The implementation of a cross-development cloud platform with integrated AI processes could significantly reduce the amount of time spent on reconciliation. It could also improve the quality and consistency of the data, reducing risk for the organization.
The same technologies and automation methods can also be applied to data management. Having one source of common data that are used for multiple purposes has historically been difficult to achieve. Using AI to manage data changes and notifications could simplify data management and reduce overhead. For example, AI can help the regulatory team maintain one master company product dictionary that is also used by personnel in safety, clinical, and medical affairs. When the regulatory team changes or updates the master dictionary, other functional consumers automatically receive notifications and updates so there are no discrepancies. AI and automation can also help maintain label information, local licenses, and other types of data.
Unified AI Solutions
As cases are processed, there are many opportunities for AI to learn from decisions to improve processing of future cases. For example, a person contacts the call center to report they have a throbbing headache after taking a specific medication. The AI engine can process the information and suggest the symptom to be coded as a cluster headache. During medical review of several similar cases, the code is changed to a type of migraine headache. The AI engine can learn from the changes and in the future, for similar symptoms and cases, suggest coding it as a migraine headache.
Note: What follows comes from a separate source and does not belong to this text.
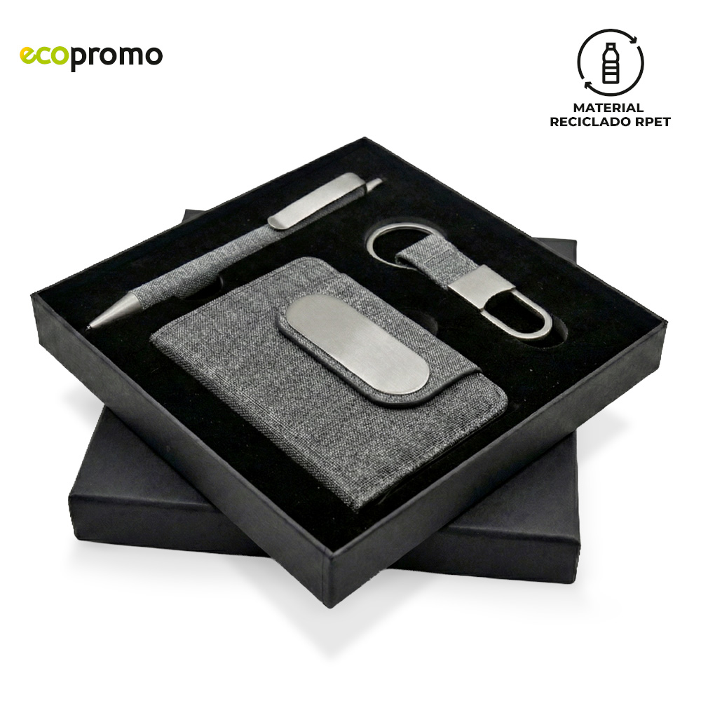 Set de bolígrafo metálico recubierto en tela reciclada RPET, tarjetero metálico recubierto en tela reciclada RPET y llavero reciclado RPET. Empaque caja individual.Medidas caja: 16.4 cm x 16.4 cm x 2.5 cm.Marca: Bolígrafo: 2 cm / Llavero: 1 cm / Portatarjetas: 3 cm / Láser.Ficha Tecnica

With a unified pharmacovigilance solution, AI can continually improve, maximizing the value of the safety data and learnings.
Unfortunately, pharmacovigilance systems are typically fragmented, with many tools and technologies from a variety of vendors, and that can limit the AI engine from accessing data to learn and detect patterns. Cloud applications are designed to easily work together. With a unified pharmacovigilance solution supporting seamless, end-to-end processes, AI can continually improve, maximizing the value of the safety data and learnings.
AI Challenges and Risks
Though AI has many potential benefits, there are also concerns about the technology, including whether AI can correctly interpret data, how to explain AI-based decisions, and the amount and quality of data needed to train an AI engine.
Machine learning may require large, comprehensive data sets that are difficult to obtain or require significant human effort to create and maintain. In the pharmacovigilance industry, AI solutions can leverage public databases of adverse event data, such as FAERS, VigiBase, and EudraVigilance Data Analysis System (EVDAS). There are also emerging approaches that can help close data gaps, such as in-stream supervised learning where data are tagged in the course of an activity.
To mitigate risks, companies can take a phased approach to adopting AI, such as initially using it to assist in decision-making before automating an entire process. For example, in case intake, AI can provide suggestions on coding and priority that would be reviewed and confirmed by a human. Once companies have confidence in the AI engine, they can enable automatic routing of cases for processing.
Conclusion
In recent years, there has been a lot of discussion about how to effectively use AI for pharmacovigilance. Many of these conversations have focused on solving the case intake problem, which is a significant burden and expense for safety organizations. However, the future of AI for pharmacovigilance is much broader as AI can be applied to many other areas.
AI has already made great strides in many other areas of life sciences, propelled forward by cloud technology. For example, it is advancing genomic diagnostics and helps radiologists detect breast cancer in medical images.